Fred et George attrapèrent Harry par les épaules et le coincèrent juste à côté de la grande salle, le bloquant un de chaque côté.

- Alors, qu'est-ce qui s'est passé en vrai ? demanda Fred.

- Nous sommes plus gentils que Ron, collègue. Tu peux nous faire confiance.

- Je ne sais pas ! Ginny a juste. J'ai juste. Je voulais pas.

- Oh, malheur, dit Fred. Il semblerait bien que personne n'a jamais expliqué les choses de la vie à ce pauvre garçon. Dis-moi, Harry, que sais-tu des coutumes sorcières en matière de séduction ?

- Euh.

- Tu dois faire attention à ne pas la toucher ou tu vas être automatiquement fiancé à elle, ajouta gentiment George.
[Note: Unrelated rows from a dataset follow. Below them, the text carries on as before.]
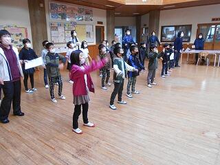 音楽大会の収録に向けて全校音楽を行いました。1回目ということで、並び方や歌う順番の確認などを行いました。各学級で練習してきていたので子どもたちは、思ったよりも上手に歌を合わせることができていました。振り付けの指導もありましたが、みんなのりのりで振り付けを覚えていました。
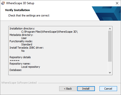 7. Click Install. The installation may take several minutes. Once the installation is complete, the Completing the WhereScape 3D Setup Wizard screen is displayed, as shown in the following screenshot:
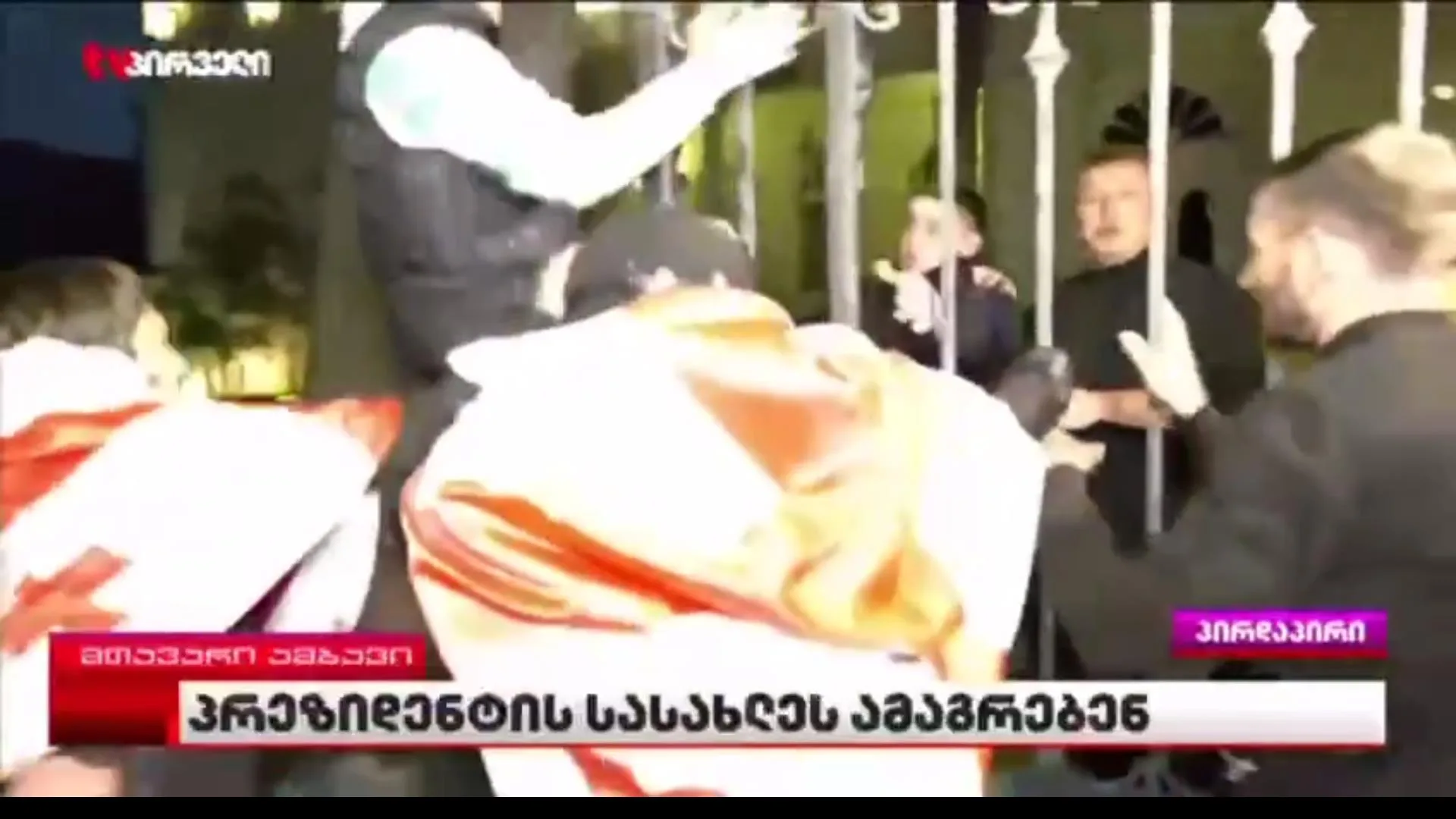 Митингующие в Тбилиси ворвались во двор резиденции президента Грузии, пробив железные заграждения, спецназ применил против них перцовый спрей, передает телеканал Пирвели.
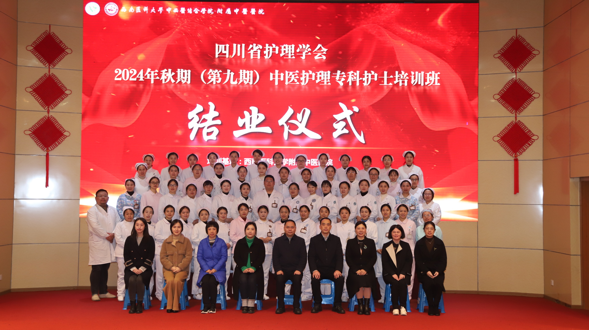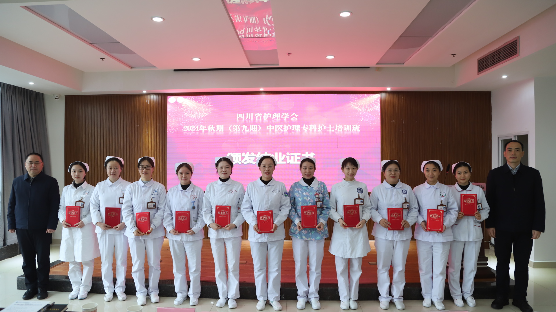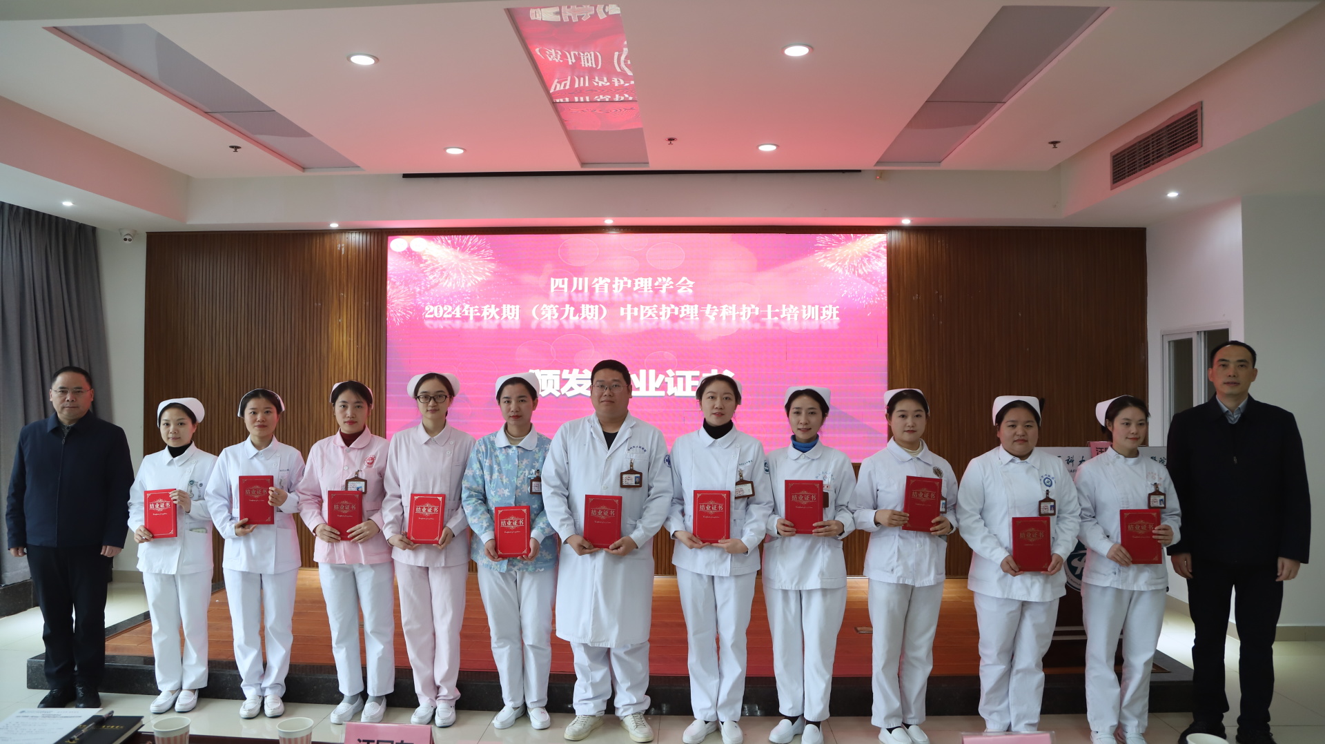 2024年11月29日,我院举行四川省护理学会2024年秋期(第九届)中医护理专科护士培训班结业仪式,医院院长刘建、副院长汪国友,相关职能部门负责人、基地科室护士长及33名中医护理专科护士学员等参加了结业典礼,仪式由汪国友主持。
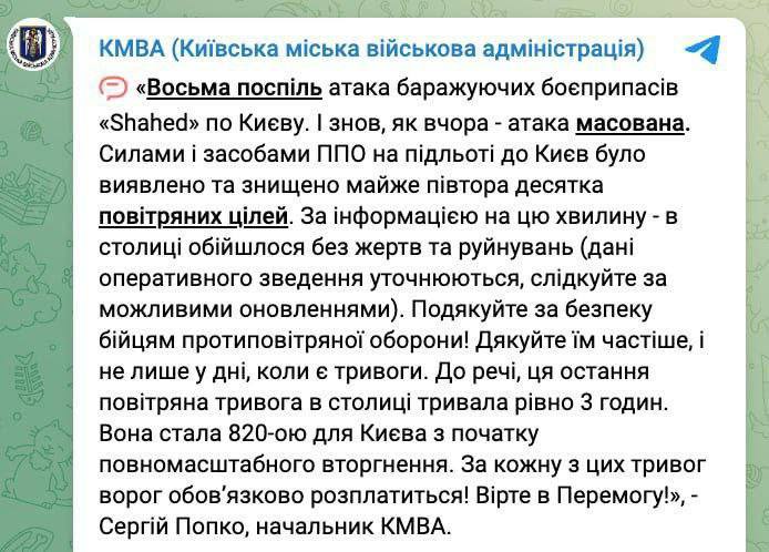 Остання повітряна тривога у столиці тривала три години. Вона стала 820-ю для Києва з початку повномасштабного вторгнення.
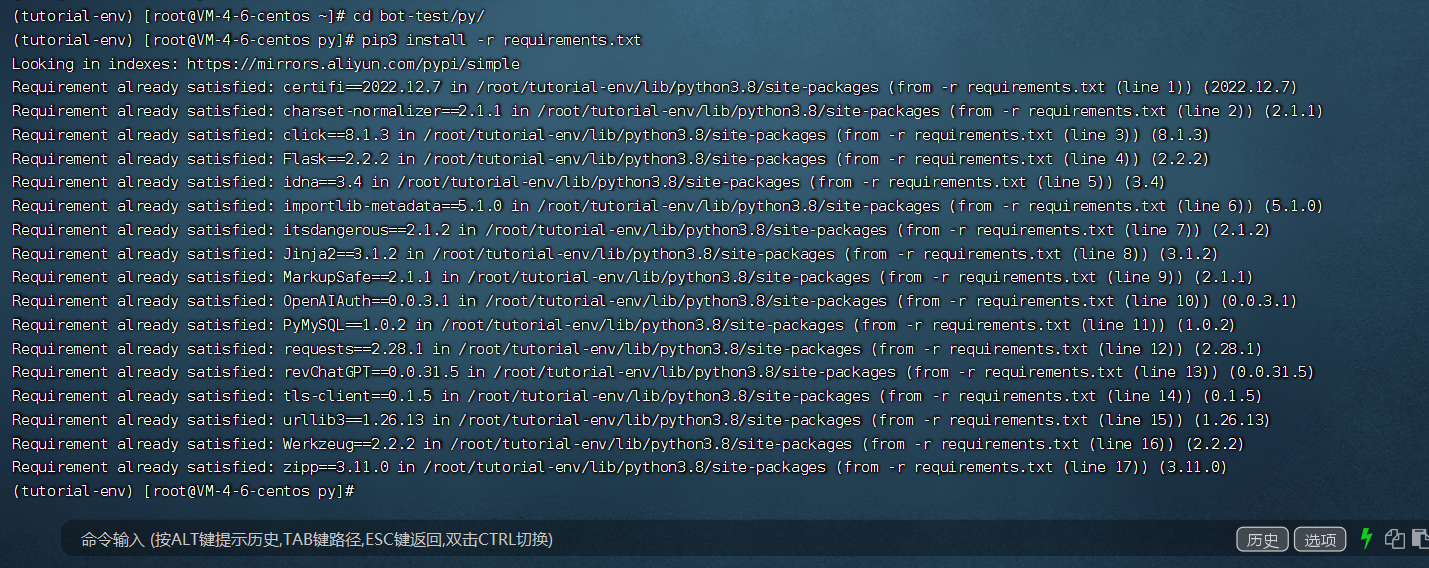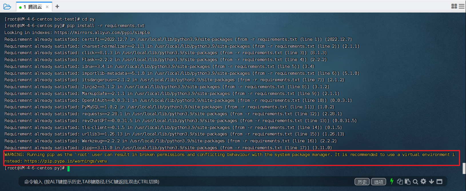 cd /bot-test/py #这里的/bot-test/py是你存放文件的地方 pip install -r requirements.txt 或 pip3 install -r requirements.txt复制
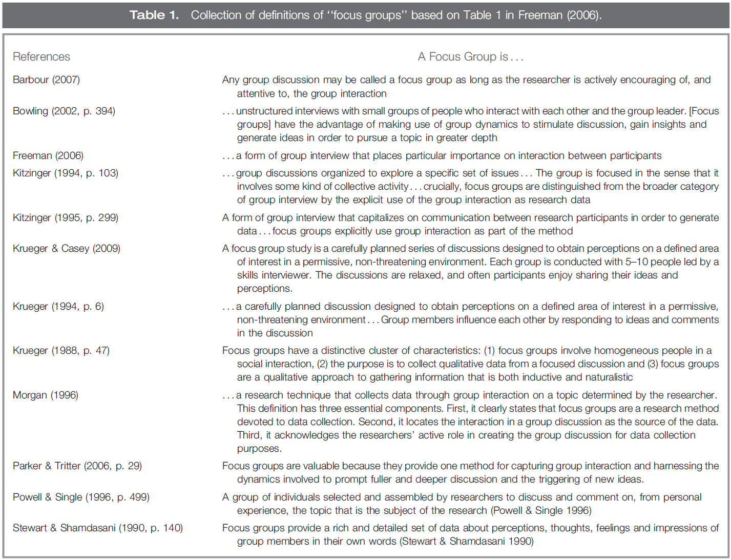 특정 이슈를 탐색하기 위한 그룹 토론. 그룹은 일종의 집단 활동을 포함한다는 점에 초점을 맞추고 있다. 결정적으로, 포커스 그룹은 그룹 상호 작용을 연구 데이터로 명시적으로 사용함으로써 더 넓은 범주의 [그룹 인터뷰]와 구별된다.
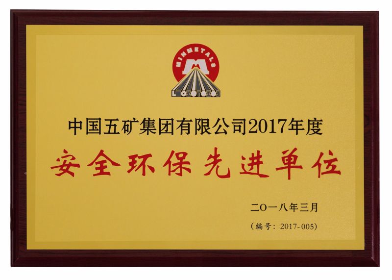 中國五礦2017年度安全環(huán)保先進單位
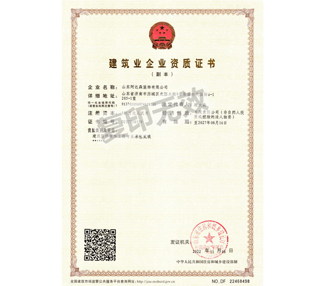 ? 山東阿達(dá)森裝飾有限公司是經(jīng)濟(jì)南市工商行政管理局正式批準(zhǔn)備案的正規(guī)裝飾企業(yè)。公司集辦公裝修設(shè)計(jì)、工程施工、建材配置、辦公家具配置于一體,涉及領(lǐng)域包括濟(jì)南店面裝修設(shè)計(jì)、寫字樓裝修、辦公室裝修、連鎖酒店賓館裝飾裝修、主題餐廳裝修、酒吧KTV裝修、家庭裝修裝潢等。
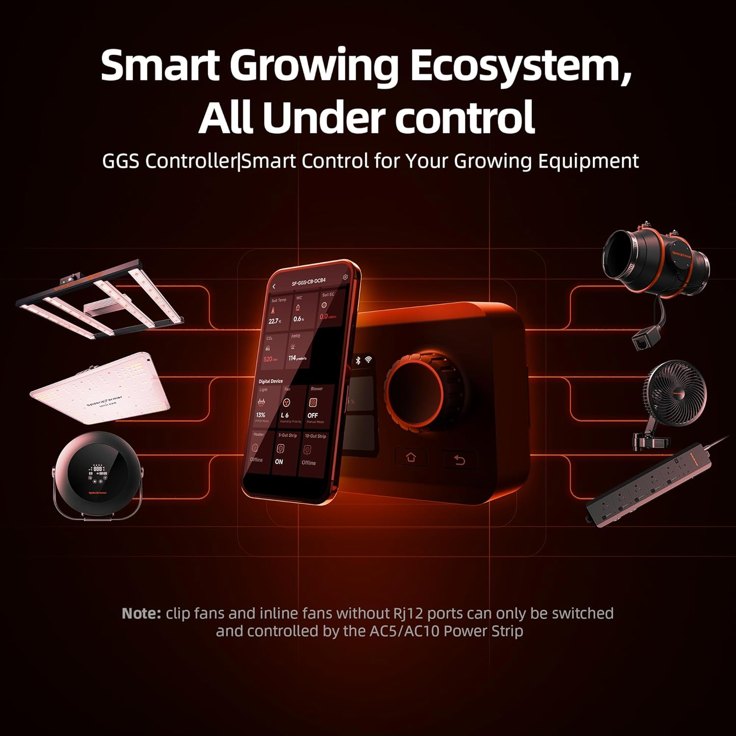 • Versatile Application: Suitable for grow tents, grow rooms, and standalone setups. Paired with AC5/AC10 smart power strips, all connected AC devices can be centrally managed, meeting diverse growing needs.
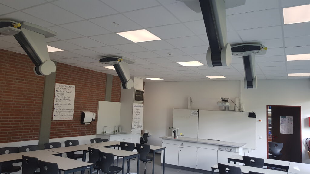 Unsere Schule verfügt neben den 8 Biologie-, Physik- und Chemiefachräumen über zwei NW-Räume, die mit modernsten Arbeitsplätzen ausgestattet sind. In diesen beiden Räumen erfolgt die Versorgung mit Gas und Strom an den Schülertischen über ein absenkbares System von oben und in einem dieser zwei Räume ersetzt ein Smartboard die Tafel.
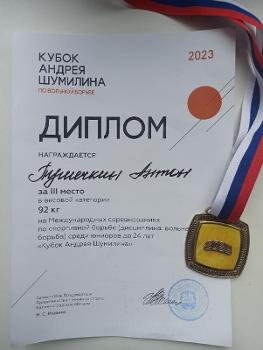 On 10 March, the 26th international tournament “Andrei Shumilin's Cup” in free-style wrestling took place in Kaliningrad. Anton Pushechkin, a second-year student from the Faculty of Mathematics of Voronezh State University, took third place in the 92 kg weight category. He is coached by Alexander Belanov, Head of the Department of Physical Education and Sports of Voronezh State University and Master of Sports of the USSR.
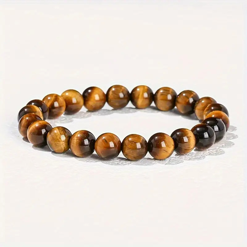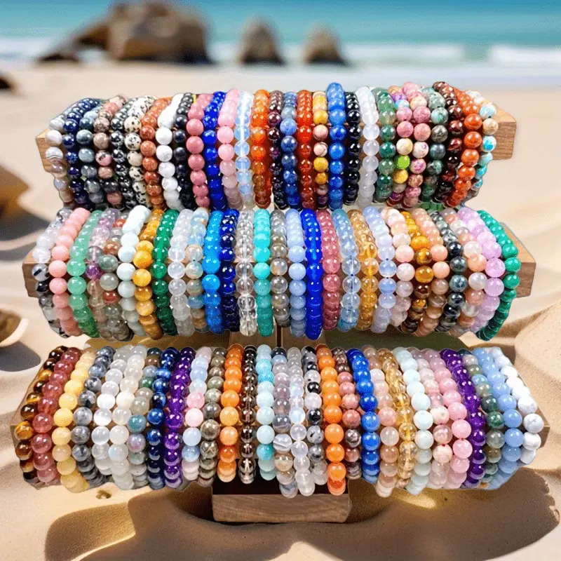 49pcs Handmade Stone Bead Bracelet- Multiple Colors Available, 8mm Elastic Beaded, Exquisite Style Valentine's Day Suitable
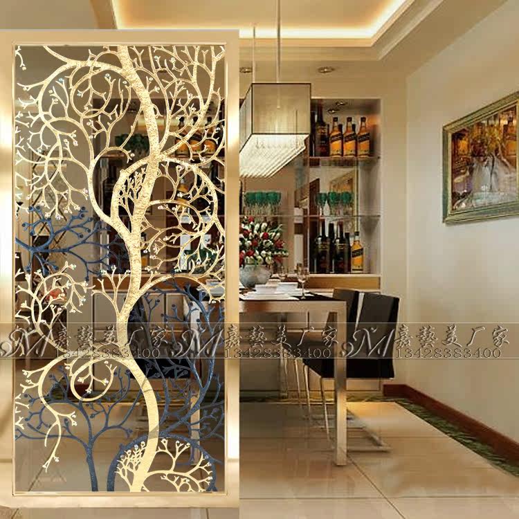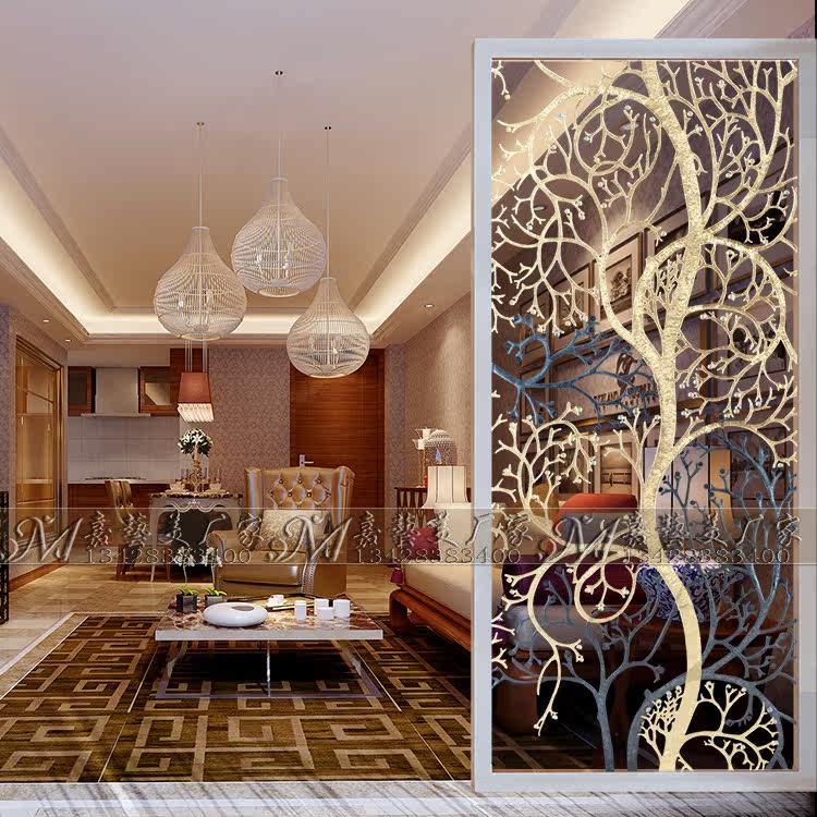 European art glass screen porch background wall living room decoration double-sided frosted carved partition modern fortune tree
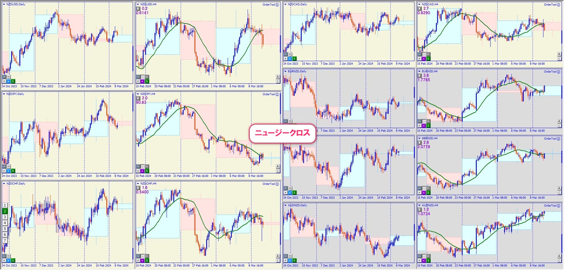 外出先では、ノートPC1画面にこれらの並びのMT4をそれぞれ立ち上げ

- Surtout pas trop de contact visuel, c'est un moyen de se marier.

- Ça c'est si tu dis son nom trois fois à la suite, George.

- Oh, exact, Fred, j'avais oublié.

- Et bien sûr tu as besoin de la permission du Ministère pour te marier.

- Donc en conclusion, dirent-ils à l'unisson, il serait mieux de rester à au moins cinquante mètres d'elle.

Harry leur lança à tous deux un regard également noir et ils éclatèrent de rire. Ils passèrent leurs bras autour de ses épaules.

- Sérieusement, Harry, dit Fred. C'est un vrai dragon. Fais attention, d'accord ?

- Rassemble des objets, confirma George. Dans le doute, lance-lui quelque chose de brillant et prends la fuite.

- Fred ? George ? demanda Ginny juste derrière eux.

Ils se retournèrent avec une parfaite synchronisation.

- Oui, très chère sœur ?

- Courez.

Fred et George détalèrent, Ginny à leurs trousses. Harry se passa une main dans les cheveux, un peu sonné, et fila en cours de divination.